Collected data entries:
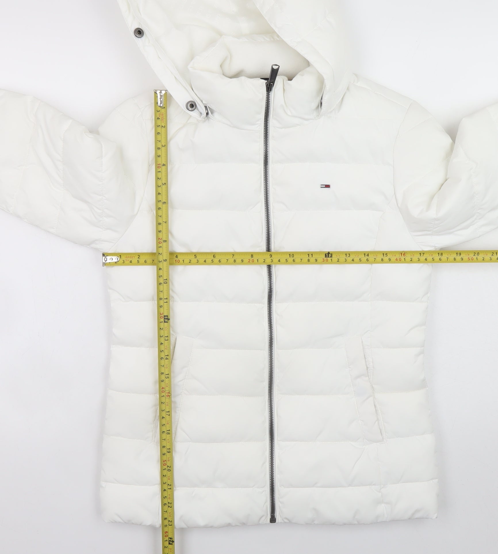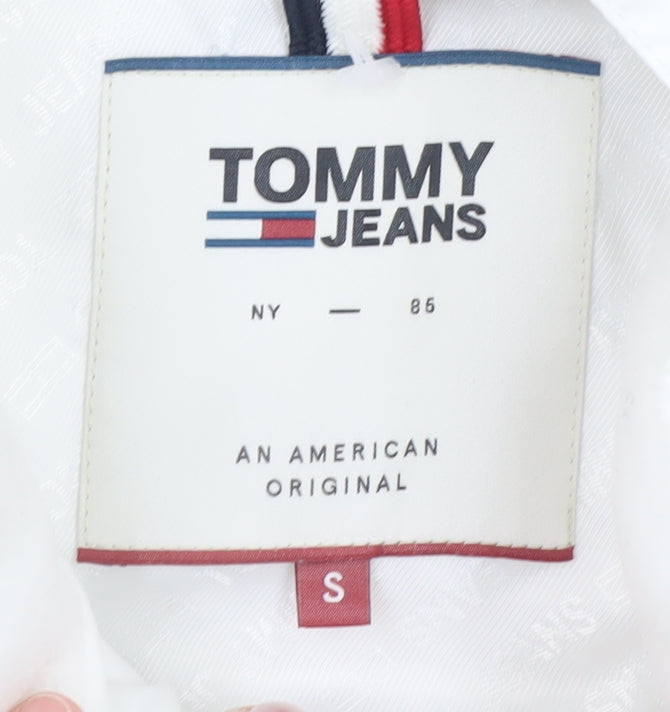 Stay stylish and cosy through the colder months with this stunning Tommy Jeans women’s white hooded puffer jacket. Featuring a lightweight yet warm design, this mid-length jacket is perfect for layering during winter and autumn. Designed in a crisp white shade, it embodies classic Tommy Jeans minimalism, enhanced by discreet logo detailing on the chest and sleeve. The jacket’s durable polyester outer shell blended with a touch of elastane ensures a comfortable fit with just the right amount of stretch. Its synthetic insulation adds warmth without extra weight, making it ideal for both daily wear and travel. The full zip front allows for easy wear and adjustable comfort, while the attached hood provides added protection from wind and light showers. Lined with smooth polyester, the jacket ensures a soft and cosy interior feel. Two side pockets add practicality, keeping your hands warm or essentials close to hand. The quilted finish gives it a timeless puffer aesthetic that’s effortlessly stylish and pairs perfectly with jeans, leggings, or casual dresses. Whether you’re heading to the city, on a weekend getaway, or just braving chilly commutes, this Tommy Jeans jacket provides dependable warmth while maintaining a sleek silhouette. Its versatile design makes it a must-have for every modern wardrobe. As a high-quality piece in excellent condition with no visible marks, it offers both luxury and value. This women’s small size perfectly fits a regular silhouette, offering ease of movement and flattering shape. A brilliant addition for those seeking a dependable, fashionable jacket that transitions seamlessly from day to night. Invest in this designer puffer jacket and elevate your outerwear collection with authentic Tommy Jeans flair — combining function, fashion and comfort all season long.
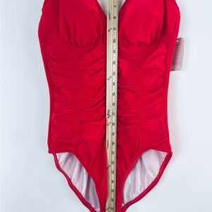 Swim Solutions Shirred Wide Strap One Piece Swimsuit Size 8 Coral Orange
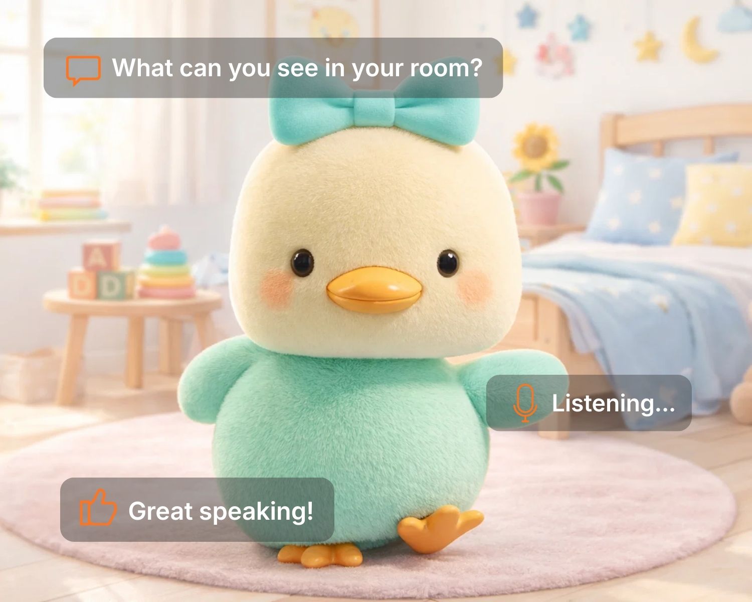 아이들의 이야기를 귀기울여 듣고, 친근하고, 따뜻한 대화로 아이들이 매일 자신 있게 말할 수 있도록 도와주는 친근한 AI 펫입니다.
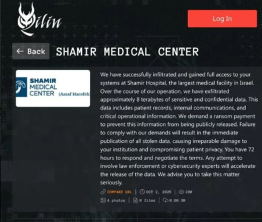 Τον Οκτώβριο του 2025, το Ισραηλινό Ιατρικό Κέντρο Shamir επλήγη από μια μεγάλη κυβερνοεπίθεση που αρχικά περιγράφηκε ως περιστατικό ransomware. Οι επιτιθέμενοι ισχυρίστηκαν ότι είχαν κλέψει μεγάλη ποσότητα δεδομένων και ζήτησαν λύτρα με αντάλλαγμα τη μη δημοσίευσή τους. Ισραηλινοί αξιωματούχοι δήλωσαν ότι η επίθεση δεν επηρέασε τη λειτουργία του νοσοκομείου και η φροντίδα των ασθενών δεν διαταράχθηκε σημαντικά. Ωστόσο, ορισμένες πληροφορίες φαίνεται να έχουν διαρρεύσει, συμπεριλαμβανομένης περιορισμένης αλληλογραφίας μέσω email και ορισμένων ιατρικών δεδομένων.
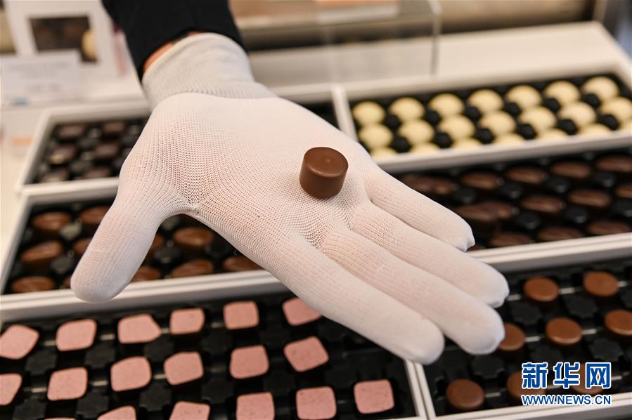 9月5日,一名店员在比利时布鲁塞尔一家商店展示巧克力甜品。新华社发(里卡多·帕雷贾尼摄)

TO DO. Output the data above without changes, apart from leaving out the pictures.

RESPONSE AREA.
 Stay stylish and cosy through the colder months with this stunning Tommy Jeans women’s white hooded puffer jacket. Featuring a lightweight yet warm design, this mid-length jacket is perfect for layering during winter and autumn. Designed in a crisp white shade, it embodies classic Tommy Jeans minimalism, enhanced by discreet logo detailing on the chest and sleeve. The jacket’s durable polyester outer shell blended with a touch of elastane ensures a comfortable fit with just the right amount of stretch. Its synthetic insulation adds warmth without extra weight, making it ideal for both daily wear and travel. The full zip front allows for easy wear and adjustable comfort, while the attached hood provides added protection from wind and light showers. Lined with smooth polyester, the jacket ensures a soft and cosy interior feel. Two side pockets add practicality, keeping your hands warm or essentials close to hand. The quilted finish gives it a timeless puffer aesthetic that’s effortlessly stylish and pairs perfectly with jeans, leggings, or casual dresses. Whether you’re heading to the city, on a weekend getaway, or just braving chilly commutes, this Tommy Jeans jacket provides dependable warmth while maintaining a sleek silhouette. Its versatile design makes it a must-have for every modern wardrobe. As a high-quality piece in excellent condition with no visible marks, it offers both luxury and value. This women’s small size perfectly fits a regular silhouette, offering ease of movement and flattering shape. A brilliant addition for those seeking a dependable, fashionable jacket that transitions seamlessly from day to night. Invest in this designer puffer jacket and elevate your outerwear collection with authentic Tommy Jeans flair — combining function, fashion and comfort all season long.
 Swim Solutions Shirred Wide Strap One Piece Swimsuit Size 8 Coral Orange
 아이들의 이야기를 귀기울여 듣고, 친근하고, 따뜻한 대화로 아이들이 매일 자신 있게 말할 수 있도록 도와주는 친근한 AI 펫입니다.
 Τον Οκτώβριο του 2025, το Ισραηλινό Ιατρικό Κέντρο Shamir επλήγη από μια μεγάλη κυβερνοεπίθεση που αρχικά περιγράφηκε ως περιστατικό ransomware. Οι επιτιθέμενοι ισχυρίστηκαν ότι είχαν κλέψει μεγάλη ποσότητα δεδομένων και ζήτησαν λύτρα με αντάλλαγμα τη μη δημοσίευσή τους. Ισραηλινοί αξιωματούχοι δήλωσαν ότι η επίθεση δεν επηρέασε τη λειτουργία του νοσοκομείου και η φροντίδα των ασθενών δεν διαταράχθηκε σημαντικά. Ωστόσο, ορισμένες πληροφορίες φαίνεται να έχουν διαρρεύσει, συμπεριλαμβανομένης περιορισμένης αλληλογραφίας μέσω email και ορισμένων ιατρικών δεδομένων.
 9月5日,一名店员在比利时布鲁塞尔一家商店展示巧克力甜品。新华社发(里卡多·帕雷贾尼摄)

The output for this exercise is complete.